## Activity
Everything in the records must be restated exactly, apart from the pictures.

## Dataset records
◆ ◆ ◆
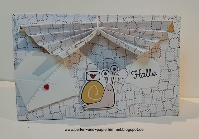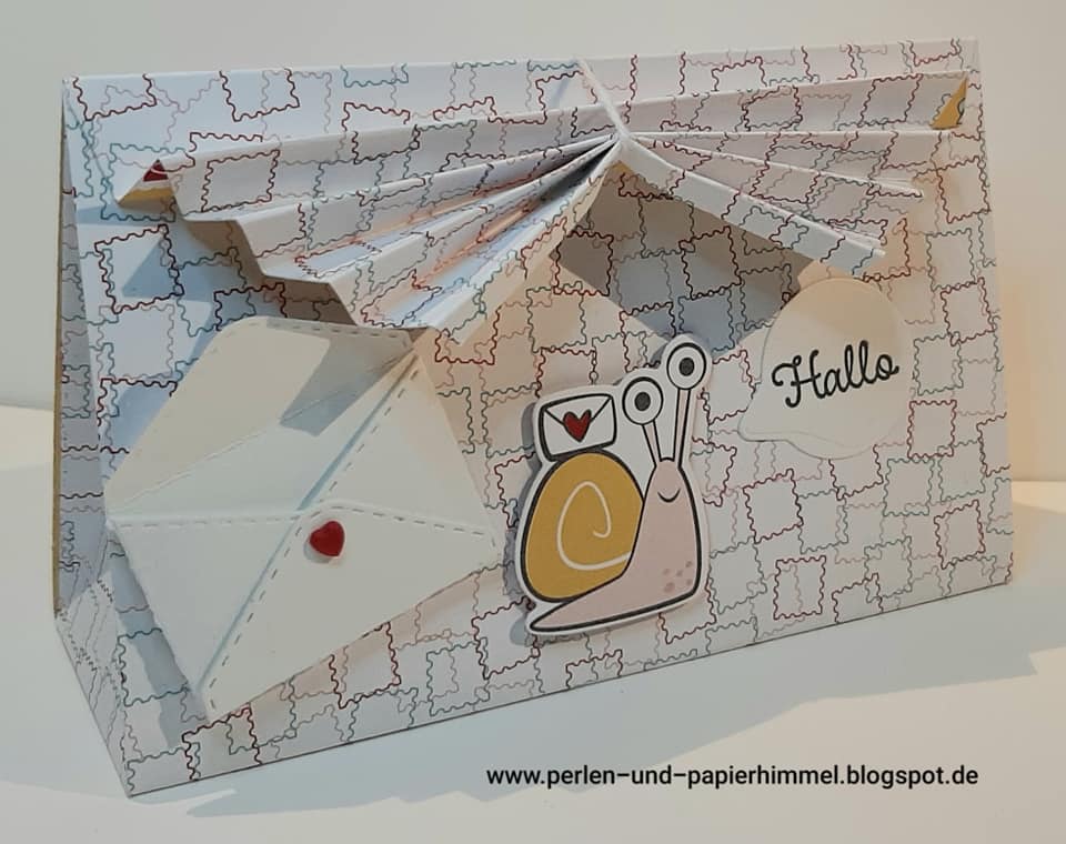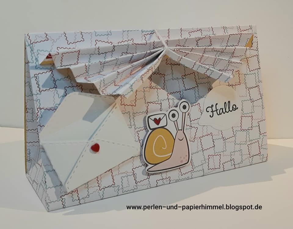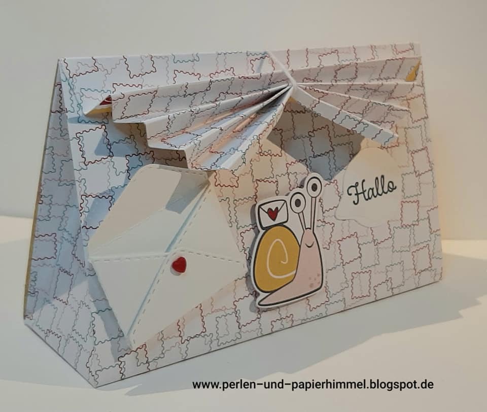 Ich habe mir die Schneckenpost vorgenommen und damit eine Plissee-Box gebastelt. Die Idee dazu habe ich bei https://stempelfantasie.com/ gefunden.
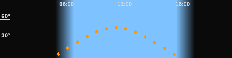 | Höchster Stand (Kulmination) | 11:57 Uhr (h = 47,3°) |
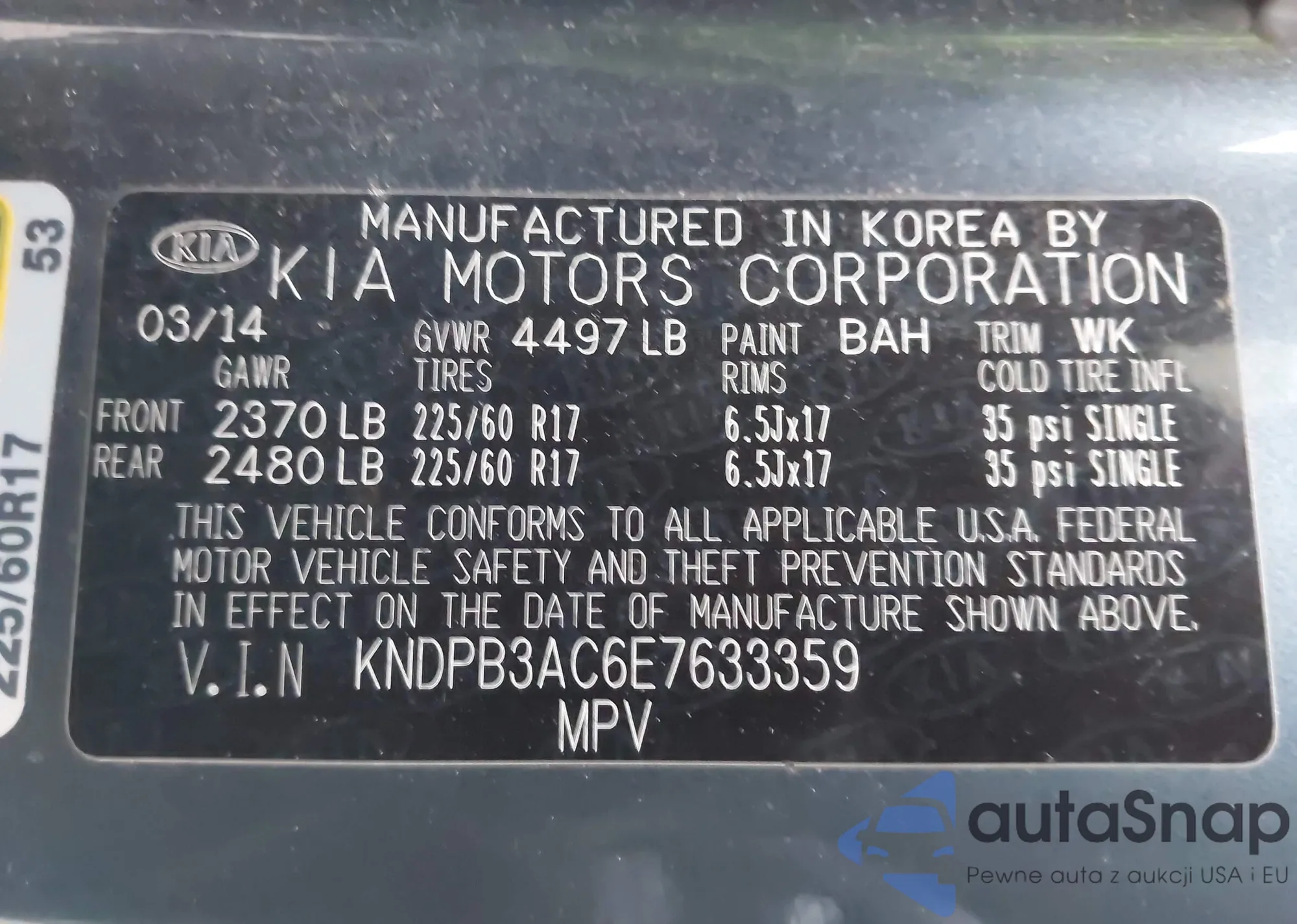 • VIN: KNDPB3AC6E7633359
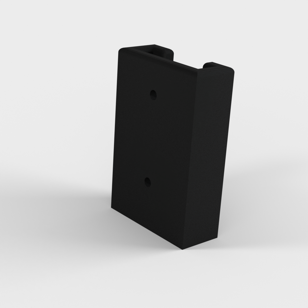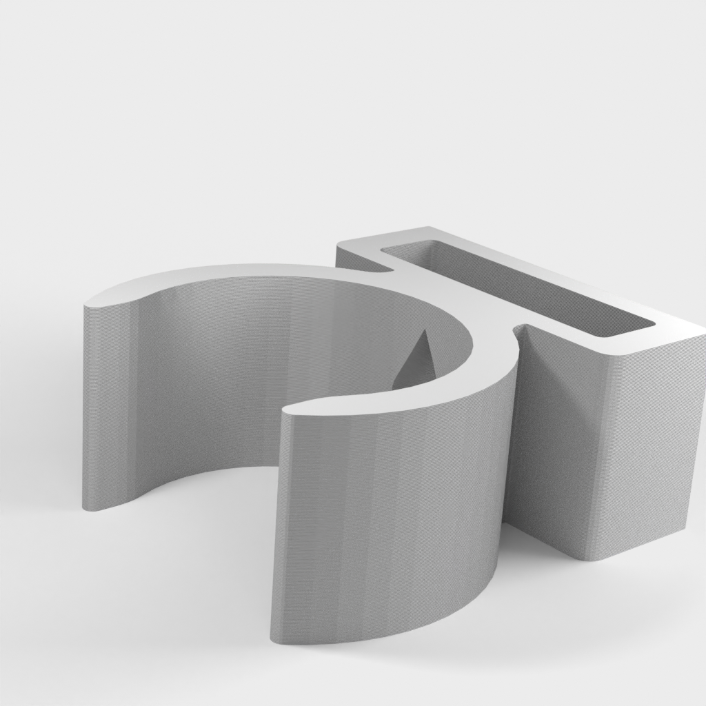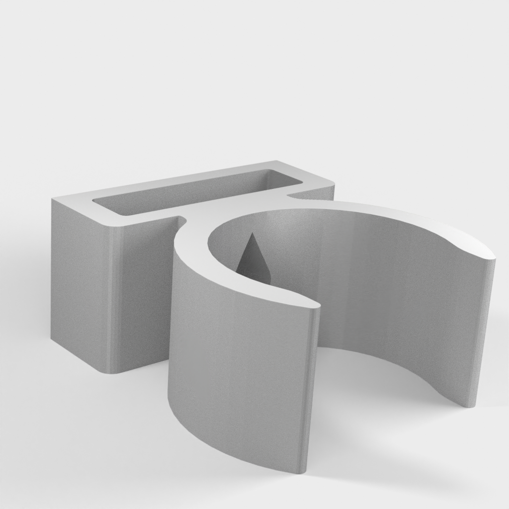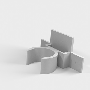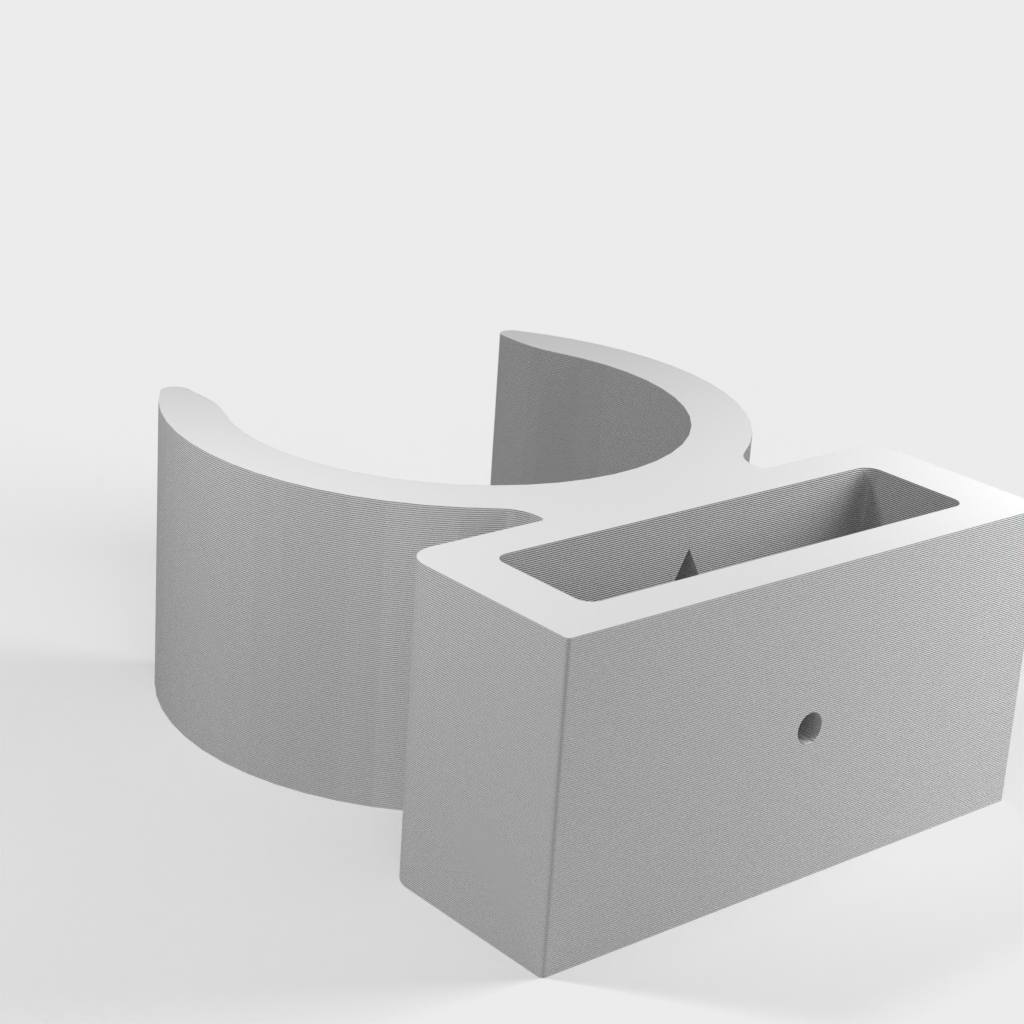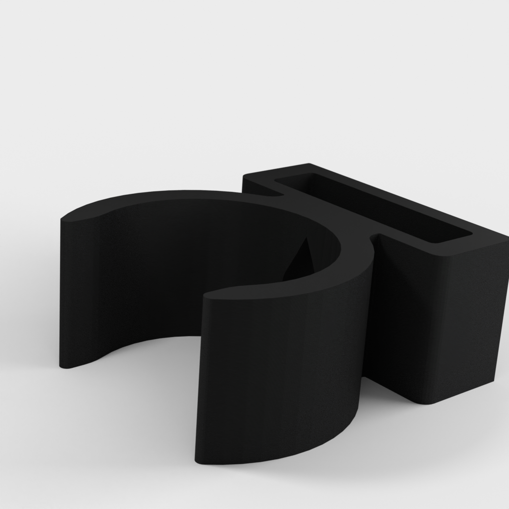 Soporte para tubos de aspiradora ETA Stellar. La parte inferior soporta las partes en forma de T del tubo y se recomienda fijarla con tornillos, ya que soporta la mayor parte del peso. La parte superior está diseñada para tubos con un diámetro de 32 mm, sin embargo, también se puede utilizar para piezas de 35 mm sin ningún problema. Esta parte se puede fijar con un tornillo o con cinta adhesiva de doble cara.
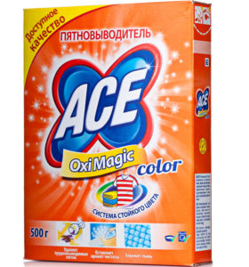 - «ايس اوكسي ماجيك". شكل الإصدار - مسحوق التنظيف الجاف. لإزالة آثار الجزر على الملابس ، يجب عليك أولاً تحضير محلول عمل وفقًا للإرشادات المرفقة. ثم ، باستخدام إسفنجة ، ضعه على الأوساخ من الحافة إلى المنتصف ، وانتظر 10-15 دقيقة. ثم قم بغسله في الغسالة ، مع إضافة مزيل للبقع إلى مقصورة مسحوق الغسيل.
◆ ◆ ◆
## Response to the task
 Ich habe mir die Schneckenpost vorgenommen und damit eine Plissee-Box gebastelt. Die Idee dazu habe ich bei https://stempelfantasie.com/ gefunden.
 | Höchster Stand (Kulmination) | 11:57 Uhr (h = 47,3°) |
 • VIN: KNDPB3AC6E7633359
 Soporte para tubos de aspiradora ETA Stellar. La parte inferior soporta las partes en forma de T del tubo y se recomienda fijarla con tornillos, ya que soporta la mayor parte del peso. La parte superior está diseñada para tubos con un diámetro de 32 mm, sin embargo, también se puede utilizar para piezas de 35 mm sin ningún problema. Esta parte se puede fijar con un tornillo o con cinta adhesiva de doble cara.
 - «ايس اوكسي ماجيك". شكل الإصدار - مسحوق التنظيف الجاف. لإزالة آثار الجزر على الملابس ، يجب عليك أولاً تحضير محلول عمل وفقًا للإرشادات المرفقة. ثم ، باستخدام إسفنجة ، ضعه على الأوساخ من الحافة إلى المنتصف ، وانتظر 10-15 دقيقة. ثم قم بغسله في الغسالة ، مع إضافة مزيل للبقع إلى مقصورة مسحوق الغسيل.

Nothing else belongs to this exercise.